Also, one thing I just realized is that with the approach we've been discussing so far, it seems like we'd need to assign node IDs to all nodes loaded from the store (or at least to re-compute them). This is because node IDs make sense only in the context of a given forest. So, for MAST trees coming from the store, "local" node IDs may conflict with the ones already in the forest.

It's true that trying to merge two MastForest (already expanded in memory), let's call them a and b, requires computing new node IDs for every node in b, but I think that's to be expected and not an issue per se.

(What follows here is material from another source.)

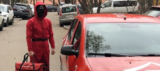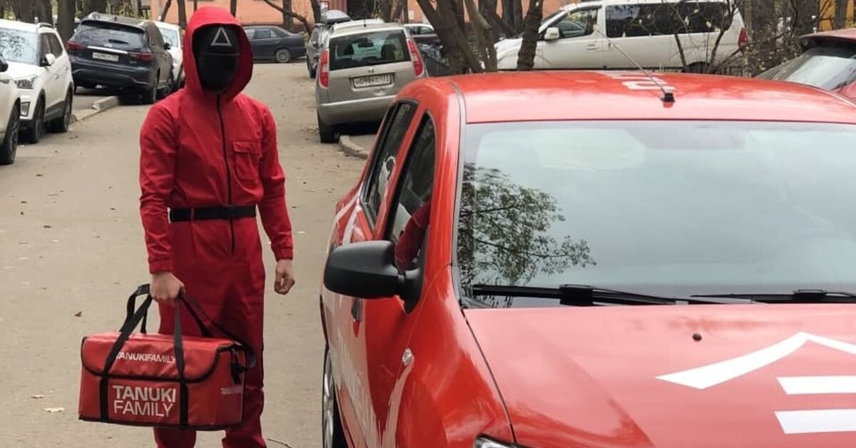 Tanuki Family запустила в Москве доставку с помощью курьеров, переодетых внадзирателей из сериала «Игра кальмара», сообщила пресс-служба сети. Они одетыв малиновые комбинезоны, а их лица спрятаны под сплошной черной маской сизображением треугольника. Встретить их пока что можно в центре Москвы и врайоне Хамовники. Как сообщает сеть, «Тануки» стала первой компанией в России,переодевшей своих сотрудников в героев «Игры в кальмара».

The expensive operation, relatively speaking, is decoding the MastForest from its binary representation; remapping the node IDs is fast in comparison.

That said, I think there are other reasons why we may not want to make this quite as transparent in the MastForest API. Rather than hiding the fact that we're loading an external node (i.e. a node in another MastForest), we could instead return something like Option<Either<MastNode, (NodeId, Arc<MastForest>)>>, where None indicates that the MAST root could not be found at all, Some(Left(_)) indicates that the node was found in the current MastForest, and Some(Right(_)) indicates that the node was found in another MastForest, returning a reference to that forest as well as the NodeId of the desired node in that MastForest.

The traversal of a program would then be decoupled from a specific MastForest, by representing the traversal state as a stack of continuation pointers, where a continuation pointer would look something like:

pub struct Continuation {
    /// The forest containing the node we'll continue at
    forest: Arc<MastForest>, 
    /// The node at which control will resume
    node: NodeId,
    /// If applicable, the child index in `node` where control should resume.
    /// For nodes with only a single child, or with no children, this would always be zero.
    index: usize,
}

As we traverse the MAST depth-first, we push a continuation on the stack when visiting a child of some node, and pop a continuation off the stack when we've finished executing the current node and need to continue somewhere further up the tree. In this conceptual model the "current continuation" is the continuation on top of the stack. For example:

graph TD;
    subgraph A
        direction TB
        subgraph A^1
            direction TB
            A1("Join { id: 0, digest: 0x0, children: [1, 10] }");
            B1("Join { id: 1, digest: ..., children: [2, 6] }");
            C1("Span { id: 2, digest: ..., children: [3, 4, 5] }");
            D1("Call { id: 3, digest: ..., callee: 0x2 }");
            E1("Span { id: 6, digest: ..., children: [7, 8, 9] }");
            F1("Call { id: 10, digest: ..., callee: 0x1 }");
        end
        subgraph A^2
            G1("Span { id: 11, digest: 0x1, children: [...] }");
        end
    end

    subgraph B
        A2("Join { id: 0, digest: 0x2, children: [1, 5] }");
        B2("Span { id: 1, digest: ..., children: [2, 3, 4] }");
        C2("Span { id: 5, digest: ..., children: [6, 7, 8] }");
    end

    A1-->B1;
    A1-->F1;
    B1-->C1;
    B1-->E1;
    C1-->D1;

    A2-->B2;
    A2-->C2;

Here we have two forests, A and B, where A contains two trees (A1 and A2), and B is a single tree. A has local cross-tree references, as well as an external reference to the tree in B. The continuation stack would look like the following as we execute 0x0 in A (using (forest, node, index) as shorthand for both the current position, and for continuations on the stack):

Current Position Action Stack
(A, 0, 0) Enter []
(A, 1, 0) Enter [(A, 0, 1)]
(A, 2, 0) Enter [(A, 1, 1), (A, 0, 1)]
(A, 3, 0) Enter [(A, 2, 1), (A, 1, 1), (A, 0, 1)]
(B, 0, 0) Call [(A, 2, 1), (A, 1, 1), (A, 0, 1)]
(B, 1, 0) Enter [(B, 0, 1), [(A, 2, 1), (A, 1, 1), (A, 0, 1)]
...skip.. .. ..
(B, 5, 2) Enter [(A, 2, 1), (A, 1, 1), (A, 0, 1)]
(A, 2, 1) Enter [(A, 1, 1), (A, 0, 1)]
..skip.. .. ..
(A, 1, 1) Enter [(A, 0, 1)]
..skip.. .. ..
(A, 0, 1) Enter []

Enter corresponds to visiting a node for the first time. Call corresponds to Enter-ing a node by executing a call/dyncall instruction, and has tail-call like semantics with regard to the continuation stack - i.e. the current continuation is reused for the callee such that when the callee returns, it returns "over" the call node. There is no Exit action, as that is implicit in the traversal (i.e. when resuming the current continuation, we're returning up the tree past all of the nodes between the current node and the continuation point).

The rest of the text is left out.